Why would your physical memory allocator return a used page?? Isn't it containing a list of free pages??
Even if it does that page will get shared between process or address spaces using it. So if any one of them writes to it,other gets the dirty page.

I mean that it can return the page that is mapped to a used virtual page .

Physical memory allocator's only job is to allocate or free pages. While allocating it will return first free page found in the bitmap(this is what I've implemented) or free frame list. Personally i don't think there would be any case in which a healthy physical memory allocator will return a used/allocated page.

[ExeTwezz]

You can keep your physical pages anywhere you like as after paging is enabled you are going to identity map your kernel to the same virtual address as its physical address. Also these pages/frames will be marked as allocated in physical memory manager so it is not going to return this frame address unless it has gone crazy.
There will be a page directory or address space belonging to kernel exclusively only kernel is having a write access to it. In other address spaces,kernel pages are linked with read only access to avoid kernel crash. So even if you have access to a page table you can't write to it.

Say, there is a physical page at physical address 0x200000 (2 MB) and it is mapped to a virtual address 0x300000 (3 MB). It is possible that the virtual allocator will allocate this page some time, and it will request a physical page for page table. The physical allocator can return a page 0x200000 that is already used by the virtual allocator, but the physical allocator doesn't know that. Is it possible to prevent this?

[Brendan]

Hi,

You can keep your physical pages anywhere you like as after paging is enabled you are going to identity map your kernel to the same virtual address as its physical address. Also these pages/frames will be marked as allocated in physical memory manager so it is not going to return this frame address unless it has gone crazy.
There will be a page directory or address space belonging to kernel exclusively only kernel is having a write access to it. In other address spaces,kernel pages are linked with read only access to avoid kernel crash. So even if you have access to a page table you can't write to it.

Say, there is a physical page at physical address 0x200000 (2 MB) and it is mapped to a virtual address 0x300000 (3 MB).

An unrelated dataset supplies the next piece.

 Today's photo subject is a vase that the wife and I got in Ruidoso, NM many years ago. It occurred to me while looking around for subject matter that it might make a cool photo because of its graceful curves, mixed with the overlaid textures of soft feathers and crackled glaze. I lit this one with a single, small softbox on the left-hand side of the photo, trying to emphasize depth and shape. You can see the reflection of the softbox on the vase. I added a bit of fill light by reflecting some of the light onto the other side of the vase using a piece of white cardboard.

In that case the virtual memory manager must know that virtual address 0x300000 is "special" (e.g. to prevent it from sending it to swap space, etc).

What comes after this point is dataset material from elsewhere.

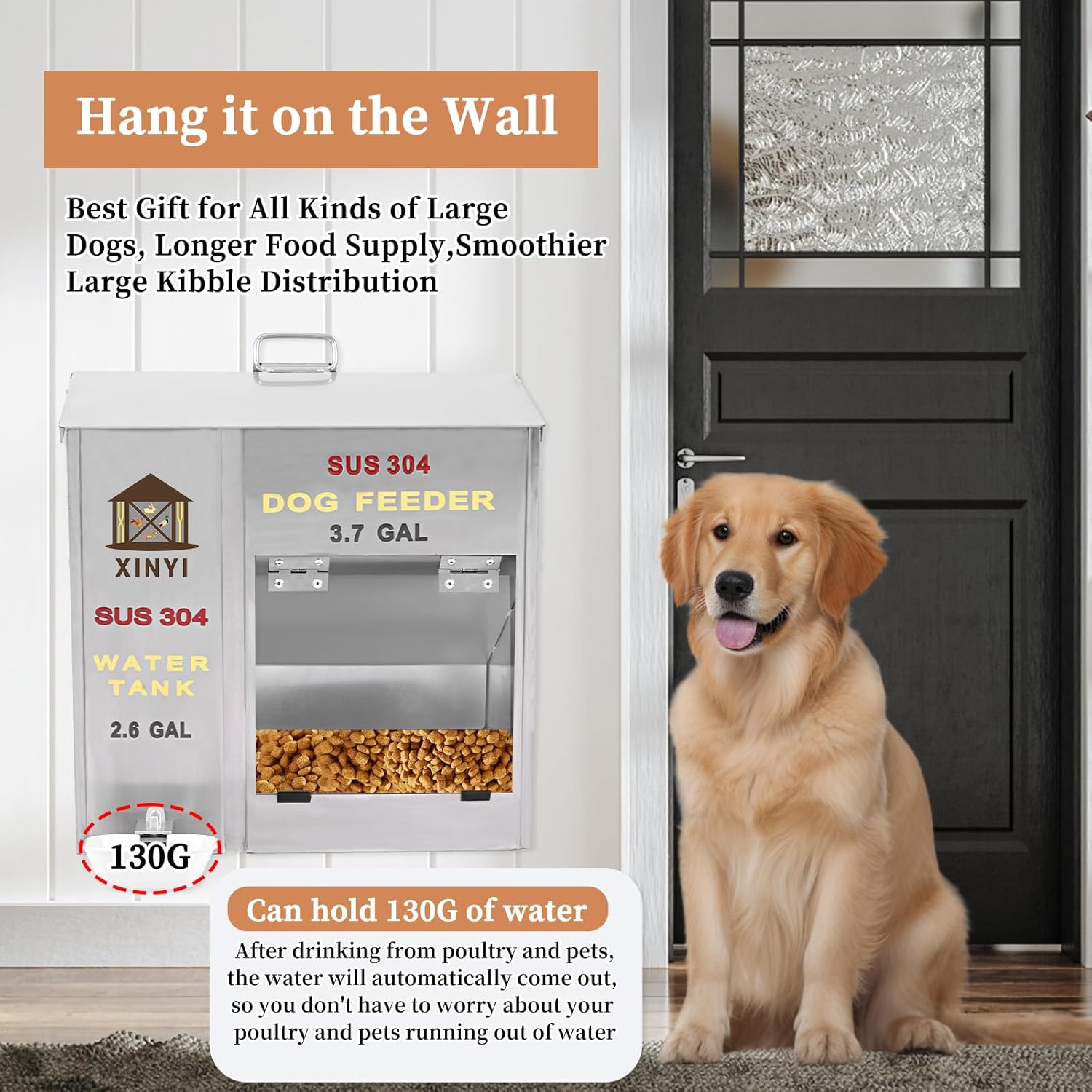 XINYI Automatic Dog Feeder and Waterer 2-in-1,SU304 Stainless Steels 2.6 Gallon Water Tank with 1 Aluminum Alloy Water Cup, 3.7 Gallon Dog Food Dispenser,Automatic Feeder for Pets, Breed, Cat

It is possible that the virtual allocator will allocate this page some time, and it will request a physical page for page table. The physical allocator can return a page 0x200000 that is already used by the virtual allocator, but the physical allocator doesn't know that. Is it possible to prevent this?

If virtual address 0x300000 is part of a special "all RAM mapped here" thing, then there's no reason why the same physical page can't be in that "all RAM mapped here" thing and also used as a page table (or anything else). Note: In my opinion this would be "less than good" because sooner or later the amount of physical RAM will grow to be larger than the amount of virtual space you can use for "all RAM mapped here"; and (especially for monolithic kernels) it maximises the amount of damage a "dodgy pointer" bug can do; and it consumes RAM for the area's page tables, page directories, etc.

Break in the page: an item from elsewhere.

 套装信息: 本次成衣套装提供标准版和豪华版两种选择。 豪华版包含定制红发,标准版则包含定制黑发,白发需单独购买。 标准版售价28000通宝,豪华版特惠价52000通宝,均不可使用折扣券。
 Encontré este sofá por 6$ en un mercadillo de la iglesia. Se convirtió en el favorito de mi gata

If virtual address 0x300000 is part of a special "only free physical pages mapped here" thing, then you'd have to unmap the physical page when the physical page is allocated, and it won't be mapped in 2 places. Note: This is likely to be bad for performance - a lot of unnecessary mapping/unmapping when physical pages are allocated and freed (which will include TLB invalidation, and expensive "multi-CPU TLB shootdown" later).


Cheers,

Brendan

[ExeTwezz]

Brendan,

In my kernel the first physical 4 MB are mapped to the first virtual 4 MB. The first 640 KB are in the stack of free physical pages yet (until I will more understand). All the 4 MB are marked as free in the page table.

And I want free physical pages to be more than 160 (160 * 4096 = 655360 = 640 KB). How can I do that (how to split the memory)?